Ah well, enough of Subs. What about Spacecraft? From Spaceflight Now :
"And in that we realized that we had this reset problem. Based on just kind of the hunch of our lead software architect, he believed that the problem was probably associated with the mounting of flash and initialization. There is a hardware command that we can send that bypasses the software where we can actually tell the hardware to not allow us to mount flash on initialization. When we the next day actually sent the command to do that, software initialized normally and was behaving like the software that we had always known. It was a fantastic moment."

"Once we got into the mode where we could command the vehicle to get into a software state that we understood, then we were able to collect data. That is the path that we are on right now."

"Right now, our most likely candidate for the issue has been narrowed down a little bit. It is really an issue with the file system in flash. Essentially, the amount of space required in RAM to manage all of the files we have in flash is apparently more than we initially anticipated."

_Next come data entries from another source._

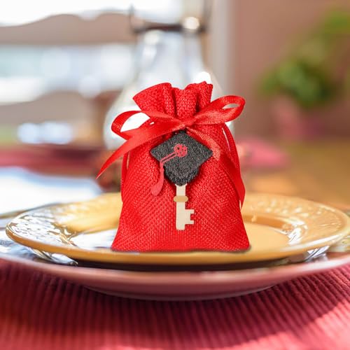 GEBETTER 20pz Sacchetti Iuta Bomboniere Laurea Sachetti Rossi Porta confetti Laurea+20pz Ciondoli Portafortuna Cappello di Laurea Coccinella+1 Rotolo Nastro Addobbi Festa Laurea Regalo
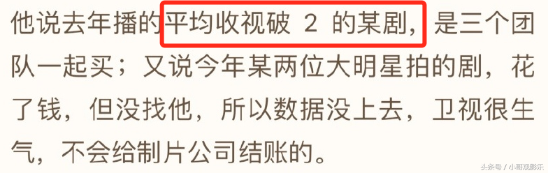 郭靖宇详细描述一些事情的经过,尤其提到了三点内容让网友感兴趣,一是本来计划让《娘道》上映的电视剧换成其他播放的电视剧,而且这名操作收视率的大神担任的总制片人,于是大家纷纷猜测这位大神是谁?这部电视剧又是什么?二是提到去年由两位知名演员出演的的,平均收视率破2的电视剧也是花钱收买的?这部电视剧又是哪部呢?
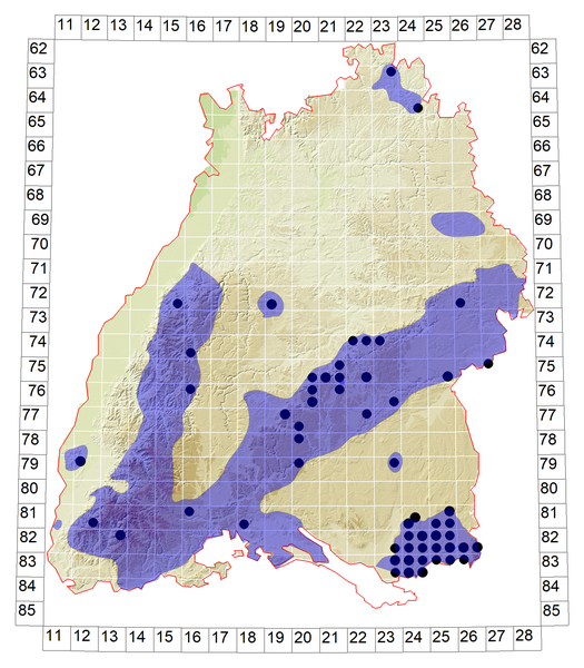 Schematische Verbreitung von D. verrucivorus in Baden-Württemberg:
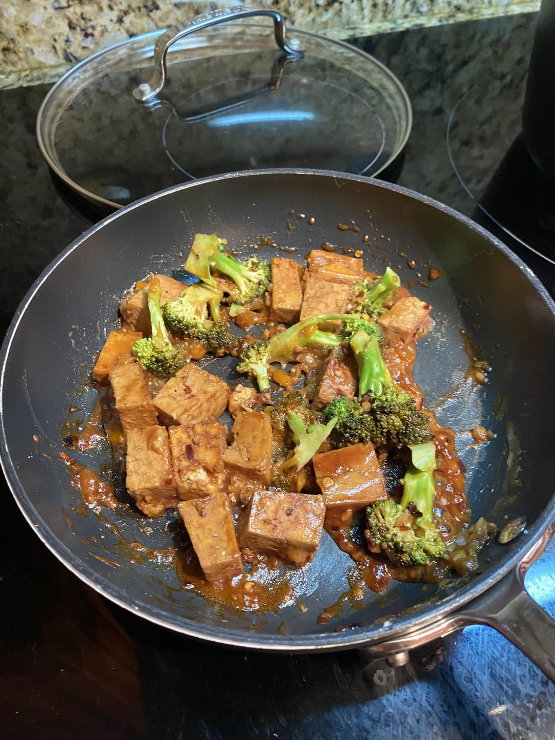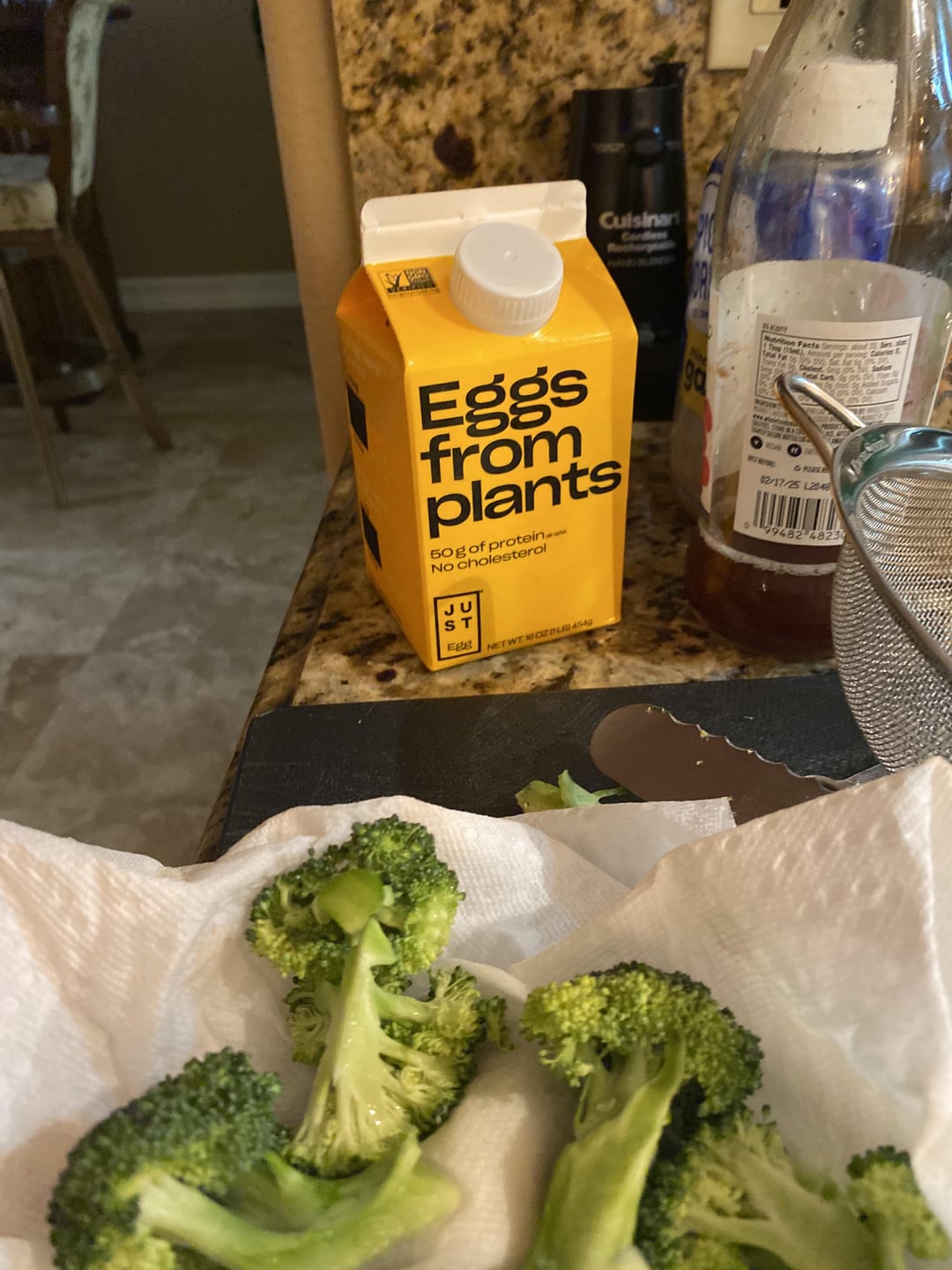 Then I add most of the sauce but I leave a little prob around 3 tablespoons I let it cook a little once I see it's absorbed it I flip them and add the broccoli make sure the broccoli is on the pan not on top the tofu, so it soaks the sauce.. then using a spoon I add the rest of the sauce over each broccoli. I cook it a little longer, and add the just egg I give it a min and a half prob then I cover it. I just look at it and see if it looks ready don't know how else to explain that lol it's just preference on how cooked you like your broccoli

"We have been collecting data and collecting data thanks to (the science team) and we have lots and lots of files on the spacecraft. That's good -- we intended to have lots and lots of files on the spacecraft. This is a new problem that we encountered based on having many files. "

"We are currently in a much more specific debugging activity. Today (Monday), we started to dump out some of flash. We are actually loading a script that we get kind of the task trace on the software and identify exactly where the problem was in the code so we can make sure that our hunch is correct."
Ten out of Ten for some excellent debugging at an interplanetary distance, but minus several million for piss-poor testing and bloody awful software engineering with the mass memory. More Data than expected = Corrupt the whole system. Bleah. So much for "Software should be ductile, not brittle" slowly abrading away due to problems rather than shattering into a thousand fragments at the first hitch. Never mind, the Systems Engineering was good, as the system as a whole can be made to recover in a relatively straightforward way - scrap the contents of the Flash RAM, reformat, and restart. A few weeks and Spirit will be fully operational.

I bet the Software Architect is kicking himself though - he knew there was a problem in this area, he just didn't know he knew it till it happened. Been there, done that, and There But For The Grace of God Go I. Nice recovery though - everyone makes mistakes, but only the really good engineers can fix them. I prefer my mistakes to be found before the thing goes into service though. Less embarressing that way.